If space is conceived as a heterotopia then what is produced inside it becomes something other than real. The term, heterotopia, literally translates from the Greek as ‘other place.’ Defining the term in his 1967 essay, Different Spaces, Foucault discusses how all cultures create other spaces against which their real sites become unambiguous, clarified and legitimated (Foucault, 1988, 175-185). Initially, for my research, it designated those spaces in which other bodies are marginalized, and reified, such as detention centres, desert communities and, in a broader analysis, the mapped continent of Australia in its original European incarnation – a gigantic prison. I propose that any space can be seen as a heterotopia, given certain conditions, and therefore all bodies, no matter how privileged, are capable of being othered. Although the passage below describes the ‘heterochrony’ of the museum, for Foucault, he could just as easily be defining the modern nation state as a:
general archive, (modernity has) the will to enclose in one place all times, all epochs, all forms, all tastes, the idea of constituting a place of all times that is itself outside of time and inaccessible to its ravages, the project of organizing in this way a sort of perpetual and indefinite accumulation of time in an immobile place, this whole idea belongs to our modernity (Foucault, 1988, 183).

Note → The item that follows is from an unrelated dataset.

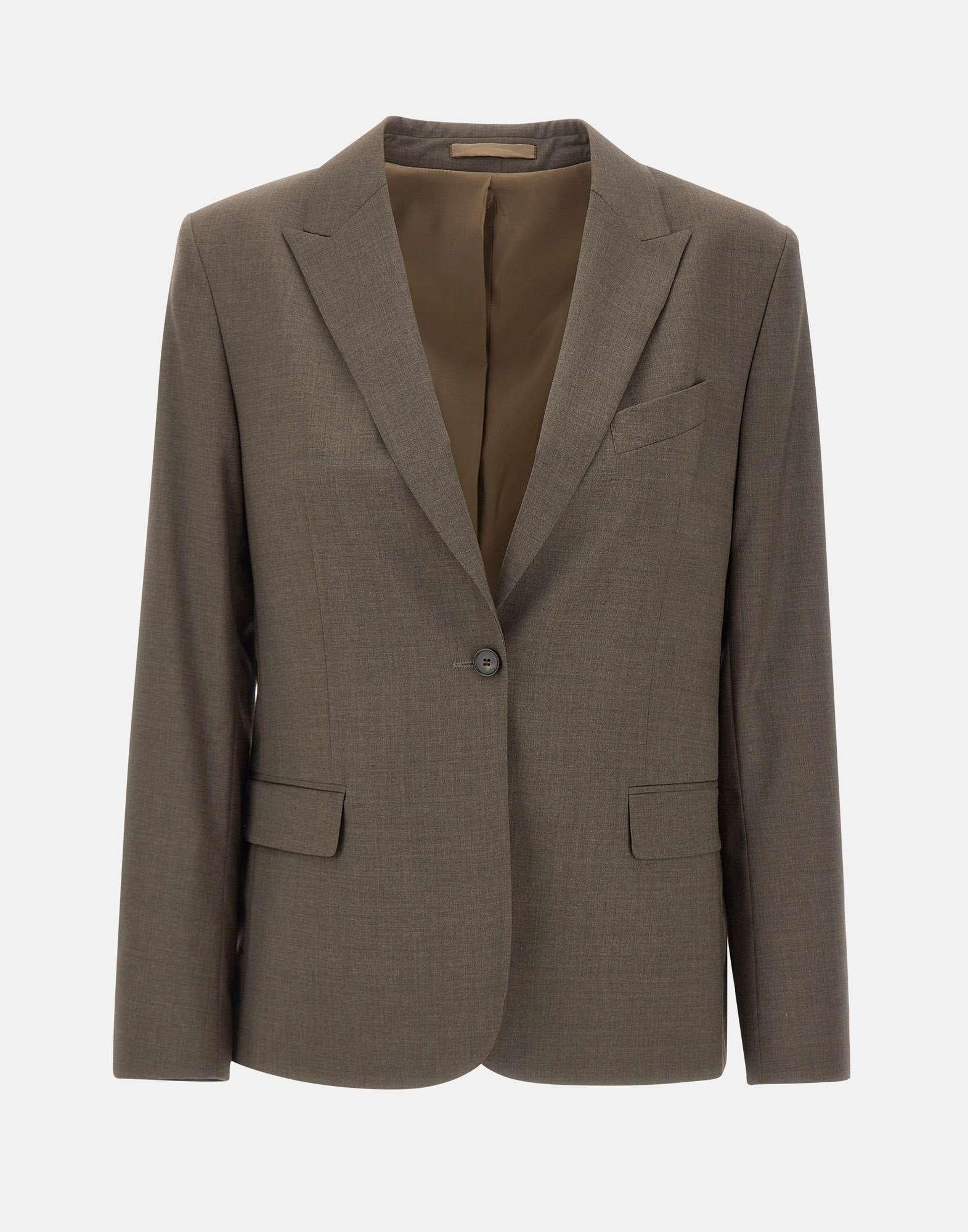 "Sasha cool wool blazer" Filippa K donna, in tessuto di lana merino di medio peso, colore tortora intenso, dal taglio regular fit. Design aderente con collo rever a lancia, chiusura con bottone singolo, tasche anteriori con pattina e taschino portapochette. Dettagli sartoriali come polsini con bottoni, spalline imbottite e spacco centrale sul retro. Completamente foderato per una vestibilità confortevole e strutturata.

Due to their demarcation heterotopias are distinguishable from other spaces and inside them ‘the individual has to submit to certain rituals and purifications’ (Foucault, 1988, 183). In spaces such as Kakadu National Park, the tourist’s entry is conditional upon observing certain practices acknowledging the significance of sites like Ubirr Rock. The illusion of sanctity inside the space creates the impression for some non-Indigenous people that the space outside of it is deconsecrated and capitalized, holding no special value for anyone, and therefore remains open to annexation and exploitation. For some it might suggest that the practice of Aboriginality, outside of the heterotopia, is devoid of meaning [3]. Heterotopias, simply, maintain the illusion that what is outside the frame of the ‘other place’ is the real space much like the concept of a fiction infers that non-fiction, or truth, lie elsewhere. From the perspective of the tourist inside Kakadu the space outside of the heterotopia is the realm of real life. I argue, however, that in the case of Australia, the tourist merely looks from the National Park into another heterotopia (other space). The boundary of the National Park asks the subject to presuppose that what is outside it is the space where real life takes place. Yet in Australia, imagined as the antipodes, and an other space, “real life” mimics a values system inherited from elsewhere – Europe. My argument coincides here with Peter Hill’s concept of superfictions, a methodological parallel to my artwork.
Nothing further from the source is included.